Task to complete:
Among the entries below, take the line with "Etheos is the" and the line with "Once enabled, an", and output them and every line between them exactly, with nothing else.

[Items listed in a dataset]
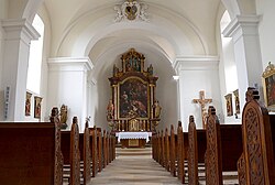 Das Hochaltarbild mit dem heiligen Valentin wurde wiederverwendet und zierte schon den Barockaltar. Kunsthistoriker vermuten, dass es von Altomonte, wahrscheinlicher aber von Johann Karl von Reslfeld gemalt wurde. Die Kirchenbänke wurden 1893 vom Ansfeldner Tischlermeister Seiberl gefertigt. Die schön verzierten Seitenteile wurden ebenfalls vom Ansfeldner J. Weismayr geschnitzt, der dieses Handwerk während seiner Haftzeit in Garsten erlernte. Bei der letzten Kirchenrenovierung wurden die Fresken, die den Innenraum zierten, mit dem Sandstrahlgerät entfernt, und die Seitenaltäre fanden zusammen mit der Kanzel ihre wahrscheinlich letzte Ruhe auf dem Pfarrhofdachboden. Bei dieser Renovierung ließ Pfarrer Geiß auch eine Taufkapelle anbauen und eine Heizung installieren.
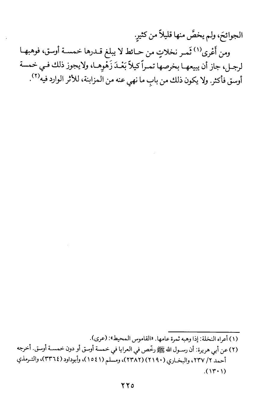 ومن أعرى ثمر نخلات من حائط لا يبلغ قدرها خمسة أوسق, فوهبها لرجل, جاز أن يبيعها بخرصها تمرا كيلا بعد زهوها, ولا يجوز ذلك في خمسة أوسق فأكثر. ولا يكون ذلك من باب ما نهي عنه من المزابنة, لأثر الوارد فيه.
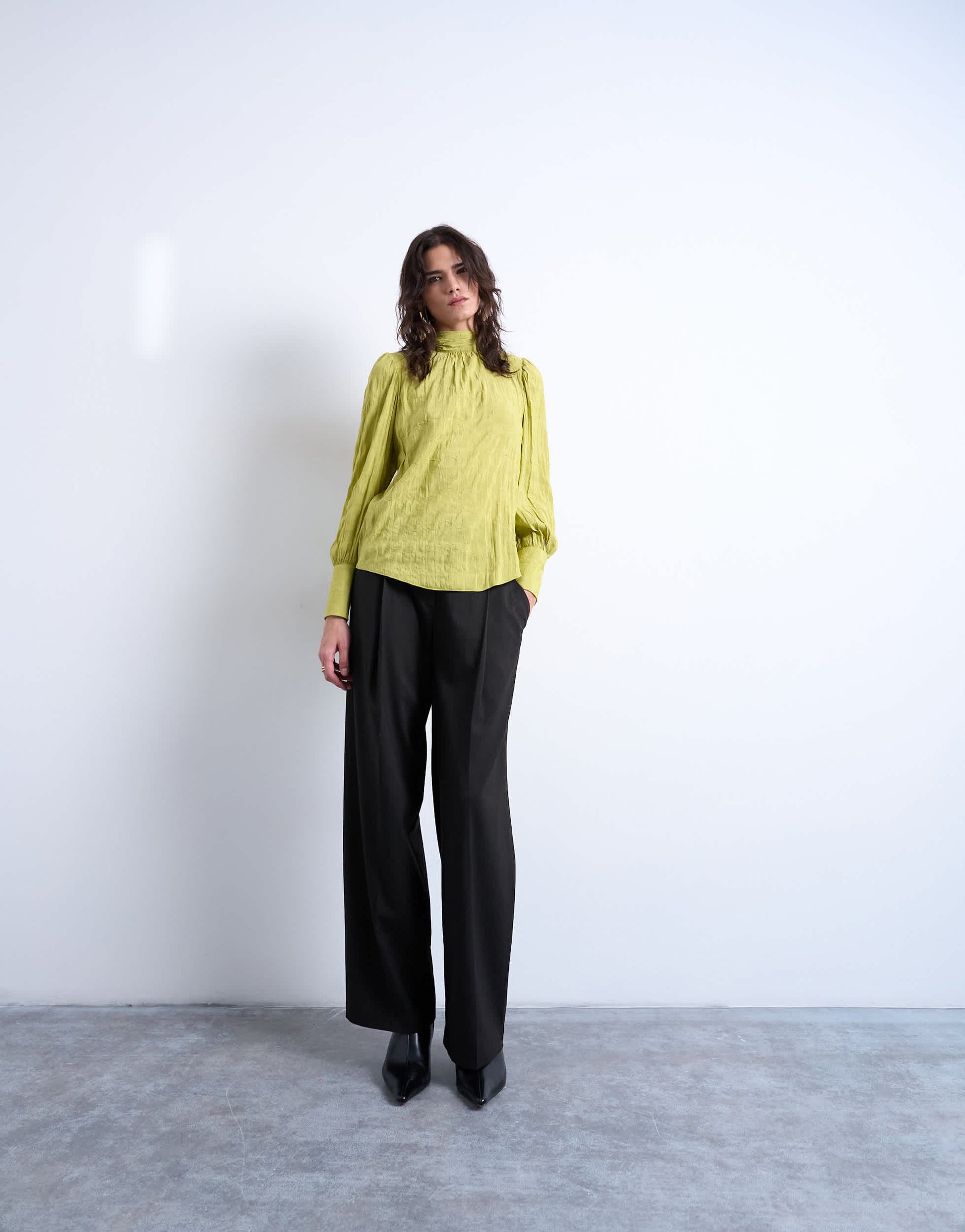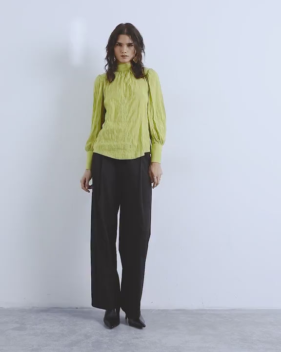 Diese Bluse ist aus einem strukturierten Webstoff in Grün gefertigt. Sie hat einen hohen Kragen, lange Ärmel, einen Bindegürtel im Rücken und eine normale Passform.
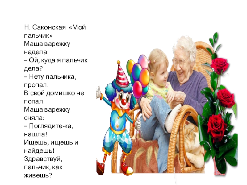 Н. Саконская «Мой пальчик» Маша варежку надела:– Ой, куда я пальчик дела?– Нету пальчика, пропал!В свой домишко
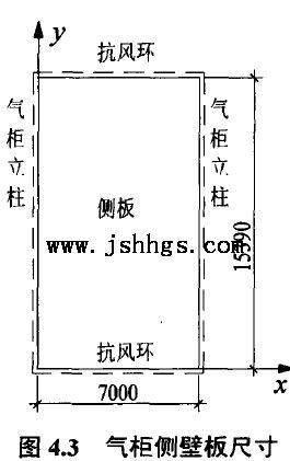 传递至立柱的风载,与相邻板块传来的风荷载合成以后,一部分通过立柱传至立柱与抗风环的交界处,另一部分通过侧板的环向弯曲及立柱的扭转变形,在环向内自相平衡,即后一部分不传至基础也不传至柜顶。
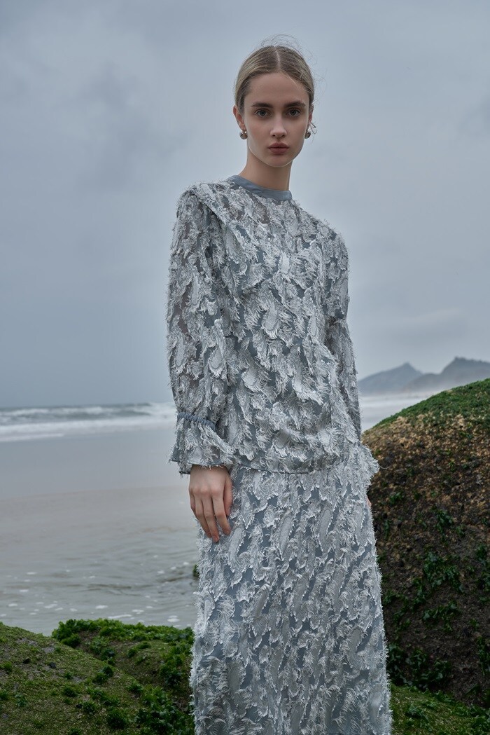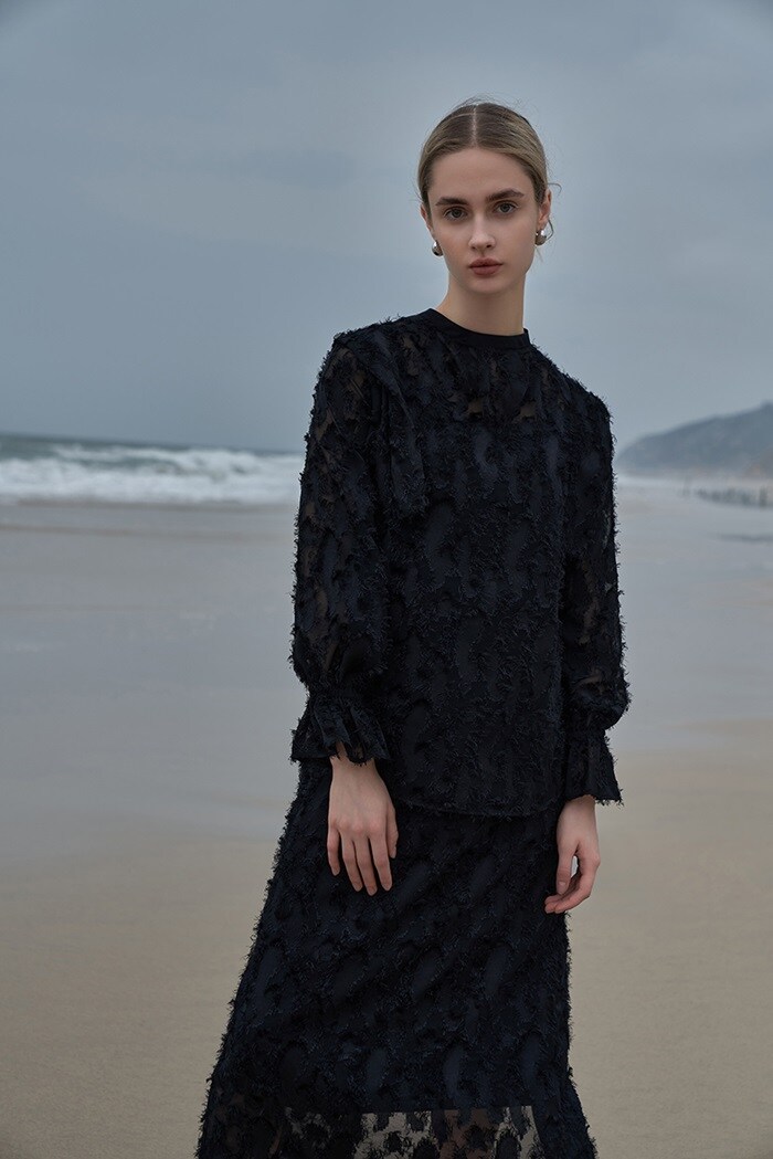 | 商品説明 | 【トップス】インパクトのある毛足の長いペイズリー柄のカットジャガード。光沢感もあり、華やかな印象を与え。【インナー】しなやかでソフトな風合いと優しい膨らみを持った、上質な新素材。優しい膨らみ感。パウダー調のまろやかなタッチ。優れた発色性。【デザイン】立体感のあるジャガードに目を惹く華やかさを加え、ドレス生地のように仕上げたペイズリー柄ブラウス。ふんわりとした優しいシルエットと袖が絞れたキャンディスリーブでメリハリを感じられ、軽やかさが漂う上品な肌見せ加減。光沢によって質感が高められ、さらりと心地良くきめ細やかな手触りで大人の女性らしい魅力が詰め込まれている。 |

==

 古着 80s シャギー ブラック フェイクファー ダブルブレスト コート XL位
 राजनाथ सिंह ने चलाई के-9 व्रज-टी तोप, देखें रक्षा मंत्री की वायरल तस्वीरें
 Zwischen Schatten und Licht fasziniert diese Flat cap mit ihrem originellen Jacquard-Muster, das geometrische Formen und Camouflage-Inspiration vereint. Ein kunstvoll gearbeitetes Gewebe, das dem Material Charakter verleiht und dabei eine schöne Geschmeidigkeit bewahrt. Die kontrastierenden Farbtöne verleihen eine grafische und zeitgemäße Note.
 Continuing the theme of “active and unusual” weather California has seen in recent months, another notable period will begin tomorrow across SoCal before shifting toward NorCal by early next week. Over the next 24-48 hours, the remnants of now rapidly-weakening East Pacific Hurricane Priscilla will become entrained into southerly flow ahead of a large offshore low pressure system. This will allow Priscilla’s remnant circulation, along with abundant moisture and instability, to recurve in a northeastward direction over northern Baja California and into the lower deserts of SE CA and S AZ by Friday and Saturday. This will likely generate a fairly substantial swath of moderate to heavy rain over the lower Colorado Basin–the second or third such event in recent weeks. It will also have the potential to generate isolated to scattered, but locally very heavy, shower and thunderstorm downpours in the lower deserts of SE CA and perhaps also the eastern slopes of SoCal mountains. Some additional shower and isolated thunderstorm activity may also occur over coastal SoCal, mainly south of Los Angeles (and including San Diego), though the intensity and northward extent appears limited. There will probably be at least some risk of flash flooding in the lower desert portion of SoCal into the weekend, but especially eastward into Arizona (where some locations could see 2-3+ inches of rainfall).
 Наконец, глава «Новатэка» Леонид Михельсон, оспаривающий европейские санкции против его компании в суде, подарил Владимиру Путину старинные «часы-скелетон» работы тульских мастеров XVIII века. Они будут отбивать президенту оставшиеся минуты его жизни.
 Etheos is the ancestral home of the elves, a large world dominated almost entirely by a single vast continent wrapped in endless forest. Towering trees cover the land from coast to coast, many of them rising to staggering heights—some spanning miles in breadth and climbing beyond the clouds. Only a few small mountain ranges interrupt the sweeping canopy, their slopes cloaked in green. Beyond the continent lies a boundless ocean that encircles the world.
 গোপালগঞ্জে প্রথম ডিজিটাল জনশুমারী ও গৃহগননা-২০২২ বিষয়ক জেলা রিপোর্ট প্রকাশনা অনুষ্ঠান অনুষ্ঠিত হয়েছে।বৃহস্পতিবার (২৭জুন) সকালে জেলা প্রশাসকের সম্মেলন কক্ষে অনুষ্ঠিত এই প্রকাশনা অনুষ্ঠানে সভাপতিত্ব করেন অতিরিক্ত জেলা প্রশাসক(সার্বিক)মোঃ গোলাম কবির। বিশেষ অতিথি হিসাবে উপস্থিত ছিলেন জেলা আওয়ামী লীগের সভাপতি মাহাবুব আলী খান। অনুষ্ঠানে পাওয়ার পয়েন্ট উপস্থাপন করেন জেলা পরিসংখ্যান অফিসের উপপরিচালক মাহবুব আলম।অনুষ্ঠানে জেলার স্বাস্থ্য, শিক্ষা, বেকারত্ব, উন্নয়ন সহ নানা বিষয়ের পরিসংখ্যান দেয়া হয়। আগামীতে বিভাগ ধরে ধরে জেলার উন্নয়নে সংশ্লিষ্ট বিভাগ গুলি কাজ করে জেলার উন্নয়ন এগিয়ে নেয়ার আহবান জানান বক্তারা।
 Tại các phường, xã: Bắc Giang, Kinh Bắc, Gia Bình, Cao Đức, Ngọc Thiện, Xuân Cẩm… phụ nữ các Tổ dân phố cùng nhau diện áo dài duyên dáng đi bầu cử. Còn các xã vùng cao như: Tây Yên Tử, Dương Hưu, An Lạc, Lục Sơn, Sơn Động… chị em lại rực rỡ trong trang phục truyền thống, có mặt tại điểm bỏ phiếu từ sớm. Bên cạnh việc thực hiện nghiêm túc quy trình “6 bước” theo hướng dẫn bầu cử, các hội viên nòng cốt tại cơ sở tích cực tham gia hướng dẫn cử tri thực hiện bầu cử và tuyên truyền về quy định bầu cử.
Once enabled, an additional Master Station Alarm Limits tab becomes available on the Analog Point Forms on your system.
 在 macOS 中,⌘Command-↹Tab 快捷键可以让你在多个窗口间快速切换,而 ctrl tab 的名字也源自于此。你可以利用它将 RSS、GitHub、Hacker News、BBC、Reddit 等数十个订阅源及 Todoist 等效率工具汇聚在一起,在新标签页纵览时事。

Reply:
 Etheos is the ancestral home of the elves, a large world dominated almost entirely by a single vast continent wrapped in endless forest. Towering trees cover the land from coast to coast, many of them rising to staggering heights—some spanning miles in breadth and climbing beyond the clouds. Only a few small mountain ranges interrupt the sweeping canopy, their slopes cloaked in green. Beyond the continent lies a boundless ocean that encircles the world.
 গোপালগঞ্জে প্রথম ডিজিটাল জনশুমারী ও গৃহগননা-২০২২ বিষয়ক জেলা রিপোর্ট প্রকাশনা অনুষ্ঠান অনুষ্ঠিত হয়েছে।বৃহস্পতিবার (২৭জুন) সকালে জেলা প্রশাসকের সম্মেলন কক্ষে অনুষ্ঠিত এই প্রকাশনা অনুষ্ঠানে সভাপতিত্ব করেন অতিরিক্ত জেলা প্রশাসক(সার্বিক)মোঃ গোলাম কবির। বিশেষ অতিথি হিসাবে উপস্থিত ছিলেন জেলা আওয়ামী লীগের সভাপতি মাহাবুব আলী খান। অনুষ্ঠানে পাওয়ার পয়েন্ট উপস্থাপন করেন জেলা পরিসংখ্যান অফিসের উপপরিচালক মাহবুব আলম।অনুষ্ঠানে জেলার স্বাস্থ্য, শিক্ষা, বেকারত্ব, উন্নয়ন সহ নানা বিষয়ের পরিসংখ্যান দেয়া হয়। আগামীতে বিভাগ ধরে ধরে জেলার উন্নয়নে সংশ্লিষ্ট বিভাগ গুলি কাজ করে জেলার উন্নয়ন এগিয়ে নেয়ার আহবান জানান বক্তারা।
 Tại các phường, xã: Bắc Giang, Kinh Bắc, Gia Bình, Cao Đức, Ngọc Thiện, Xuân Cẩm… phụ nữ các Tổ dân phố cùng nhau diện áo dài duyên dáng đi bầu cử. Còn các xã vùng cao như: Tây Yên Tử, Dương Hưu, An Lạc, Lục Sơn, Sơn Động… chị em lại rực rỡ trong trang phục truyền thống, có mặt tại điểm bỏ phiếu từ sớm. Bên cạnh việc thực hiện nghiêm túc quy trình “6 bước” theo hướng dẫn bầu cử, các hội viên nòng cốt tại cơ sở tích cực tham gia hướng dẫn cử tri thực hiện bầu cử và tuyên truyền về quy định bầu cử.
Once enabled, an additional Master Station Alarm Limits tab becomes available on the Analog Point Forms on your system.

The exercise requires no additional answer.